Electrospun triaxial nanofibers with middle blank cellulose acetate layers for accurate dual-stage drug release

Abstract

The combination of complex nanostructures with carbohydrate polymers can provide a strong platform for promoting the development of novel drug delivery systems. In this study, tri-layer core-shell nanofibers F2 with discrete drug distributions were prepared using cellulose acetate (CA) as a key filament-forming polymeric matrix and ketoprofen (KET) as a model drug. The discrete distribution was characterized by inserting a bank CA layer between the CA/KET core layer and the PVP/KET outer layer through a modified triaxial electrospinning. Compared with the traditional core-shell nanofibers F1, the tri-layer nanofibers F2 with drug discrete distributions provided better drug dual-stage release profiles in terms of accurate release contents at the first stage and longer time period sustained release at the second stage.
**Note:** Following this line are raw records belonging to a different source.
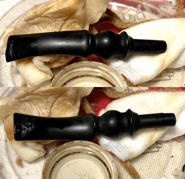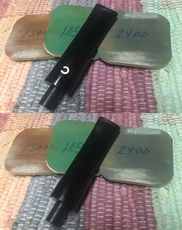 I rubbed the stem down with Denicare Mouthpiece Polish and a cotton pad to remove remnants of oxidation and to further blend in the sanding. The stem was showing some promise at this point in the process.
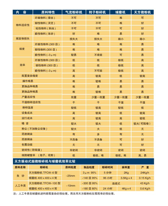 天方超微粉碎機(jī)與其他粉碎設(shè)備性能對(duì)照
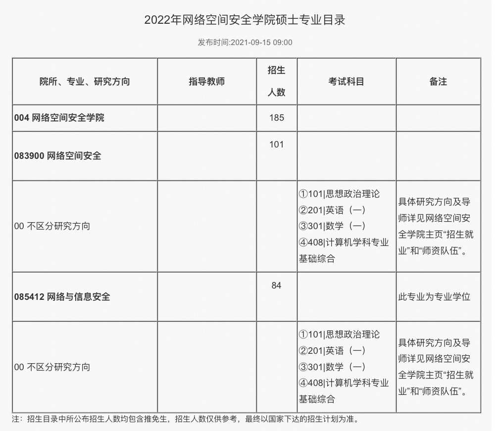 22网络空间安全学院 网安院本年度硕士招生不接收调剂,不实施破格录取。
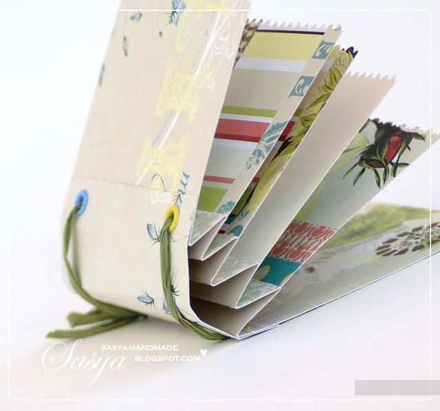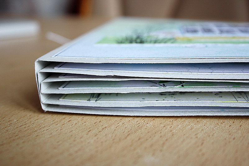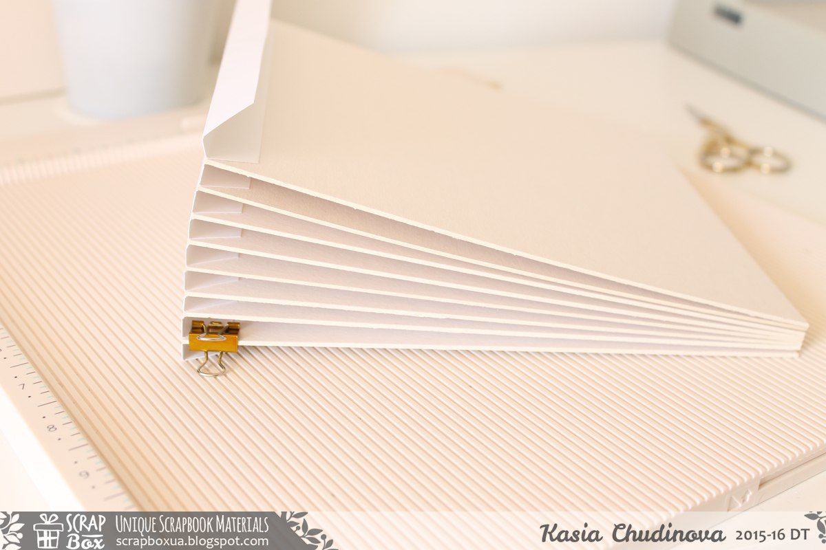 По краям следите за тем, чтобы страницы вдоль приклеивались ровно. Крайние страницы приклеиваю из кардстока. На фото видно голубую акварельную бумагу, которую я использовала.
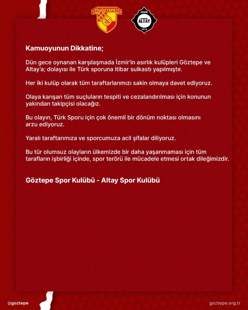 Göztepe ve Altay, dün yaşananlarla ilgili ortak açıklama yayınladı.
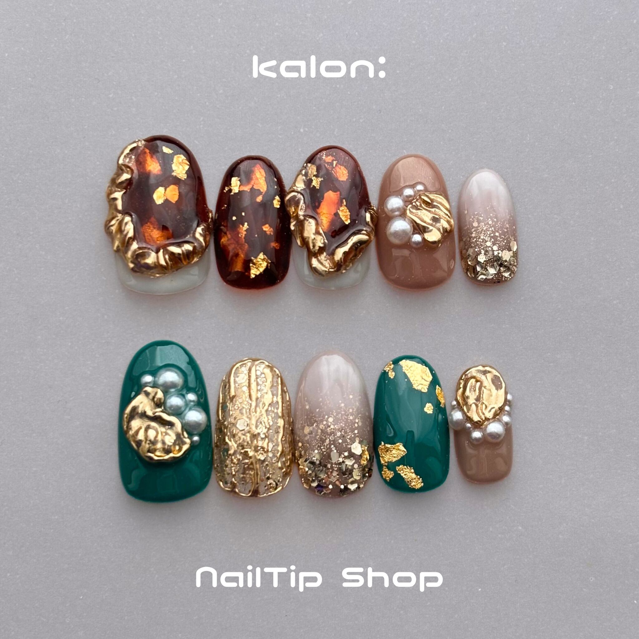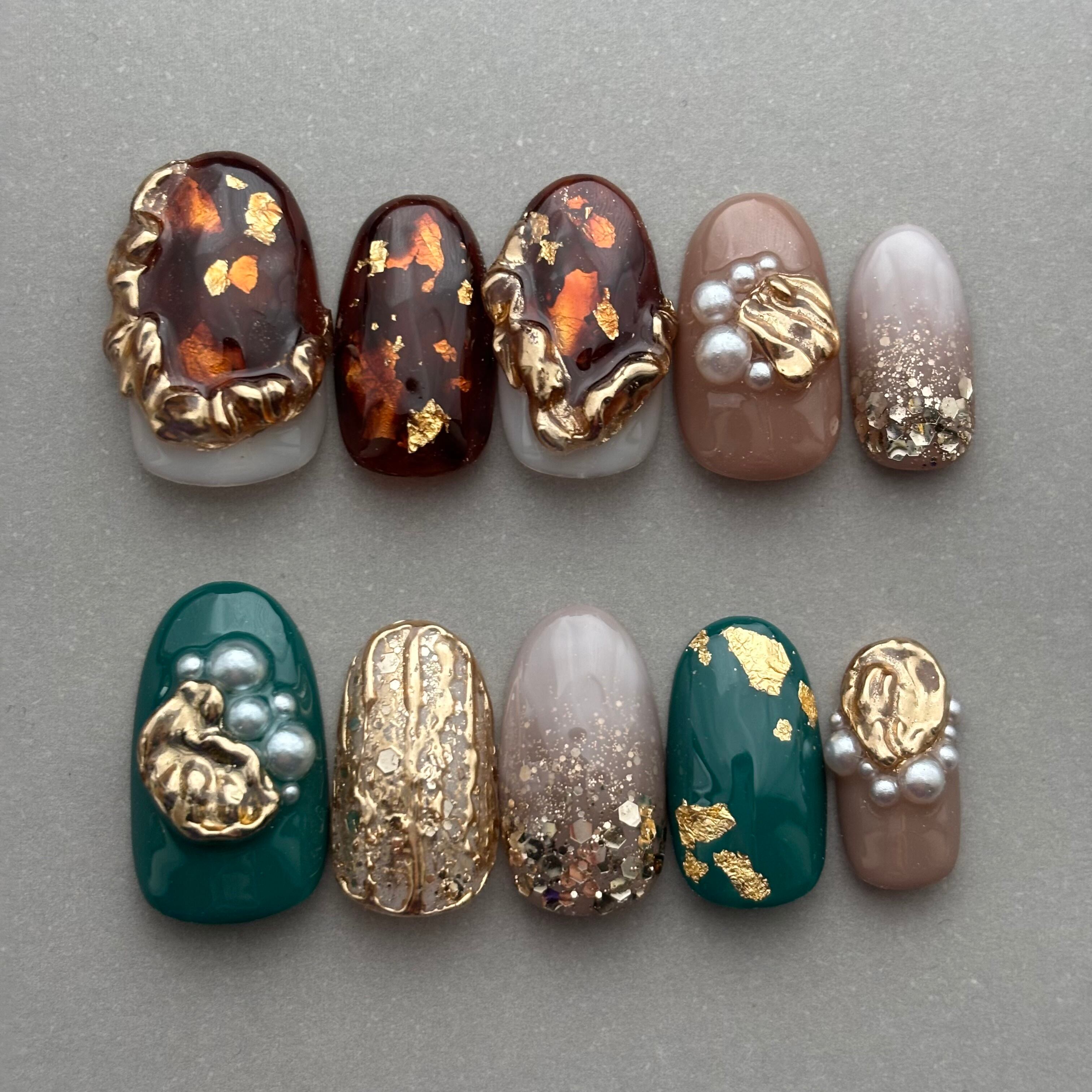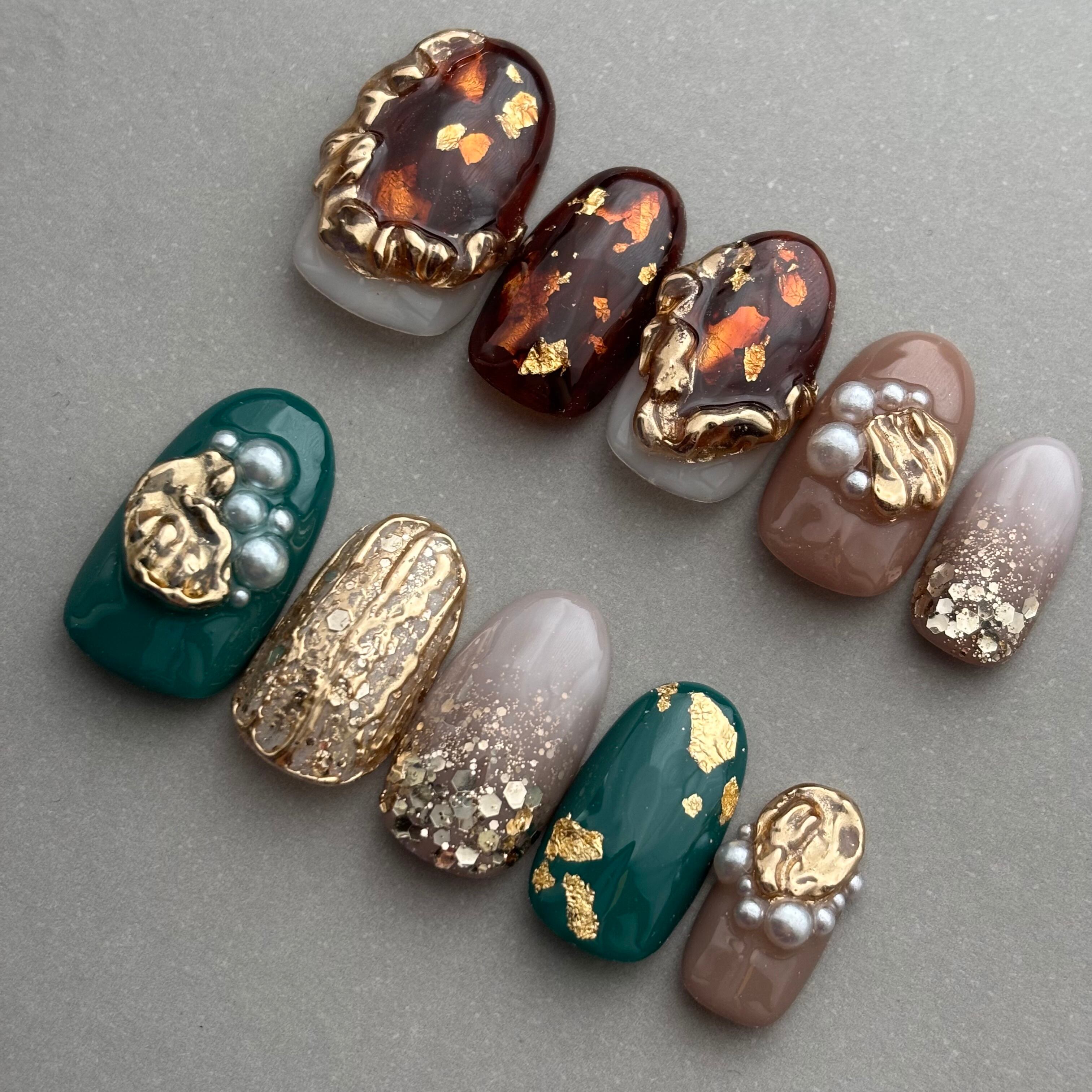 ネイルチップ/ニュアンスネイル べっ甲 ミラー ラメグラデーション グリーン
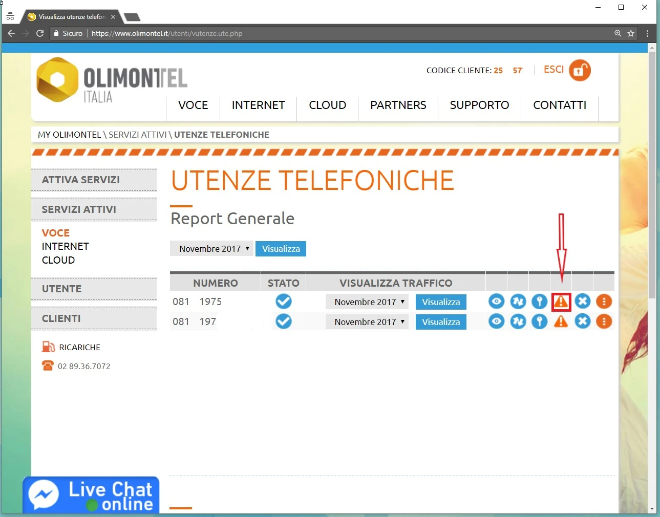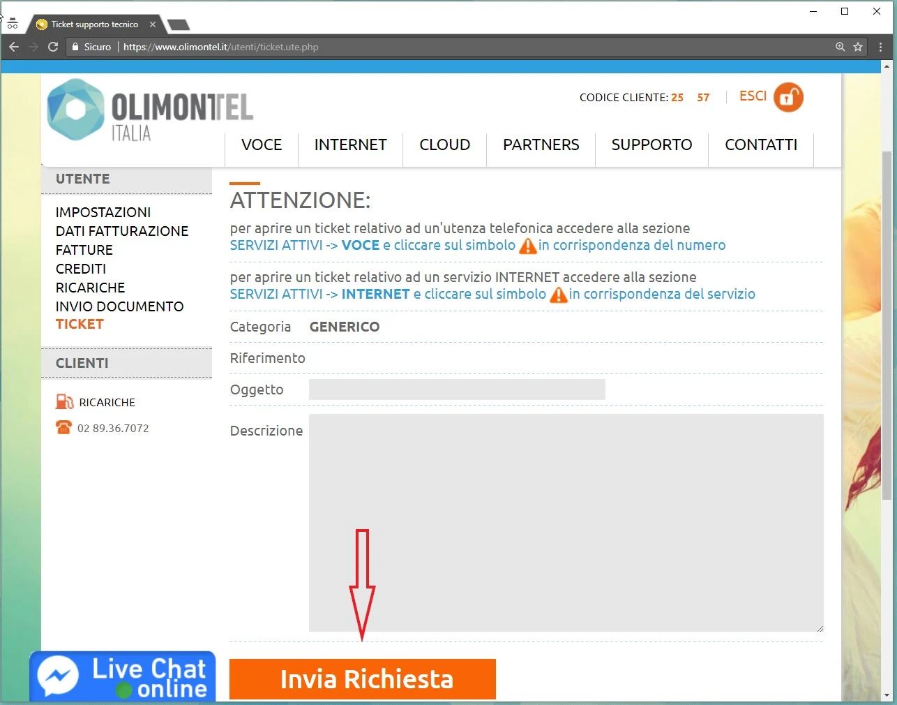 In corrispondenza dell’utenza e possibile cliccare sul tasto ” APRI TICKET” come indicato nell’immagine.
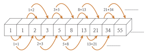- 그외의 경우는 전의 2개의 값을 더해서 새로운 값을 구한다.
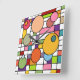 This wall clock has a mid-century modern design of a grid with some rectangles coloured in and circles on top in retro colours.
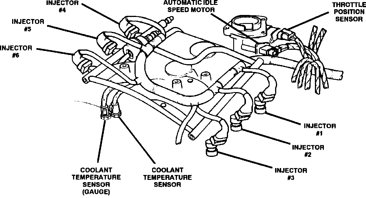 The Coolant Temperature Sensor connector is located on the intake manifold, at the left rear corner behind the throttle body assembly.

Despite having the same components (drug, soluble PVP, and insoluble CA) and similar linear morphologies, core-shell nanofibers F1 and tri-layer nanofibers F2 exhibited significantly different functional performances in providing dual-stage release. The different structure-performance relationships of the two types of nanofibers have played their important roles on manipulating the accuracy of dual-stage drug controlled release profiles. The mechanism that the tri-layer core-shell nanostructure containing a blank CA middle layer adjusted the drug release behaviors was proposed.